The characters of Stoppard's next stage play similarity "vacillate in a wasteland between blind hope and dumb despair." Rosencrantz and Guildenstern Are Dead, the work that established Stoppard's fame (and fortune), is a deeply Beckettian play—as almost every critic who has analyzed it has acknowledged. (That acknowledgement has not always been a positive one. Robert Brustein, for example, labeled the play "a theatrical parasite" and dismissed its author as a mere "university wit," offering audiences "a form of Beckett without tears" [New Republic, 4 November 1967]. But whether positive or negative, Beckett's influence on the play is clearly evident.) Mirroring "the Beckett joke," the structure of Rosen-crantz and Guildenstern Are Dead is a series of comic "statements" constantly refuting themselves, playing in effect "a sort of infinite leap-frog" [Stoppard, Theatre Quarterly]. ("I write plays," Stoppard has noted, "because dialogue is the most respectable way of contradicting myself [quoted by Jon Bradshaw in New York Magazine, 10 January 1977]. Further, the stichomythic exchanges changes of the title characters eerily echo the language of Godot's tramps; what Stoppard wrote in a 1963 review of James Saunders's Next Time I'll Sing To You—"Some of his dialogue is so Beckettian as to be pastiche" [Scene 18, 9 February 1963]—proved to be prophetically applicable to Stoppard's own play, not yet written. And the play's central conceit—two shadowy courtiers on the fringes of Hamlet, trapped in the margins of a "text" about which they know nothing, adrift in a world that makes no sense—embodies the heart of a Beckettian endgame, the quintessence of Camus's definition of the absurd [in The Myth of Sisyphus]:
Beckett's absurdist influence is equally strong in Jumpers, Stoppard's next full-length work for the theater. The argument of the play has been neatly summarized by the philosopher A. J. Ayer [in the Sunday Times, 9 April 1972]: it is "between those who believe in absolute values, for which they seek a religious sanction, and those, more frequently to be found among contemporary philosophers, who are subjectivists or relativists in morals, utilitarians in politics, and atheists or at least agnostics." (It was mischievous of the Sunday Times to commission this review from Ayer, the preeminent logical positivist [i.e., relativist] of his generation, whose first initials just "happen" to be reflected in the name of the play's "arch-villain," Archibald Jumper.) Although many of the play's characters "seek," however, they do not find: nothing in Jumpers appears certain, least of all absolute values. As I have argued elsewhere [Yearbook of English Studies 9, 1979], Jumpers is a parodic mystery play, in both senses of the term. There are in fact two linked mysteries at the core of the play: (a) Who killed Duncan McFee? and (b) Does God exist? The play's central character, a professor of ethics named George Moore, thinks he knows the answers, but in neither instance can he prove his case: the physical mystery and the metaphysical mystery remain equally unsolved (and unsolvable). (As the prisoner wryly informs the jailer in "The Gamblers": "I think you may have stumbled across the definition of divine will—an obsession with mystery.") The world of Jumpers is thus maddeningly, absurdly ambiguous, with both the earth and the heavens refusing to divulge their secrets.
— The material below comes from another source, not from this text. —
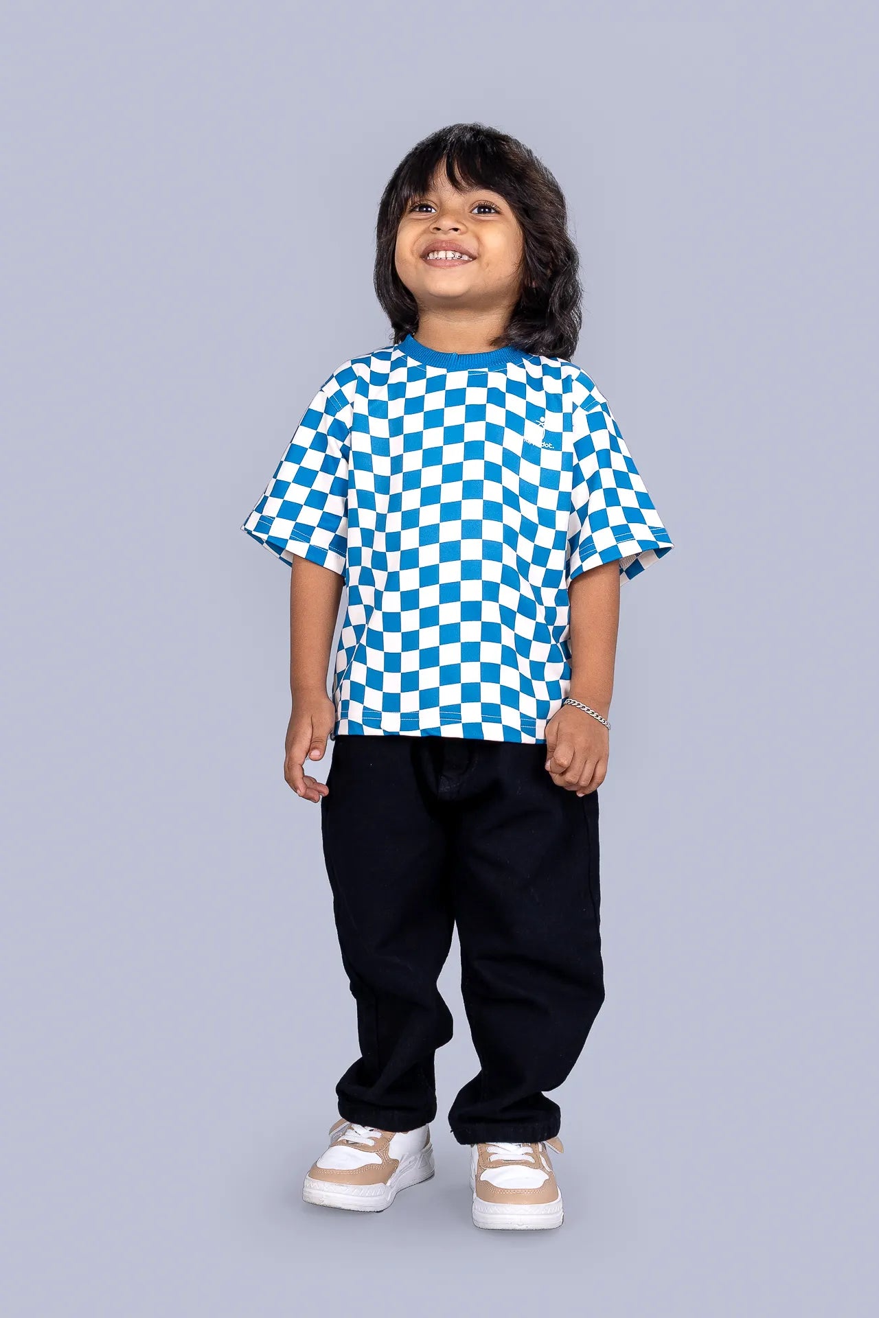 This BOYS CHECKED PRINTED BLUE TSHIRT is perfect for all seasons with its stretchable material and comfortable wear. The blue and white checked print adds a stylish touch to any outfit. Stay cool in the summer and warm in the winter with this versatile t-shirt.

The metaphysical absurdism of Jumpers is dramatized not simply in the play's theme but in its structure as well: if the world is "divested of illusions and lights," if it no longer makes sense, why then should plays that attempt to reflect that world? In absurdist theater, as Martin Esslin proclaimed in his seminal study [Theatre of the Absurd], form mirrors content: "The Theatre of the Absurd has renounced arguing about the absurdity of the human condition; it merely presents it in being—that is, in terms of concrete stage images." One of the first stage images we encounter in the play's bizarre prologue sets the tone for everything that follows: a (progressively) naked lady is seen swinging from a chandelier. "Like a pendulum between darkness and darkness, the Secretary swings into the spotlight, and out… , in sight for a second, out of sight for a second, in sight for a second, out of sight for a second… ." Now you see it, now you don't; the audience is in effect "ambushed" from the play's opening moments. Reflecting the play's theme in a maze of mirrors, the structure of Jumpers is rife with ambiguity, a conjuror's trick that has the audience echoing George's baffled "How the hell does one know what to believe?" Just when we think we "know" where we are, just when the picture finally seems to come into focus, the angle suddenly shifts and we are left once more with a blur.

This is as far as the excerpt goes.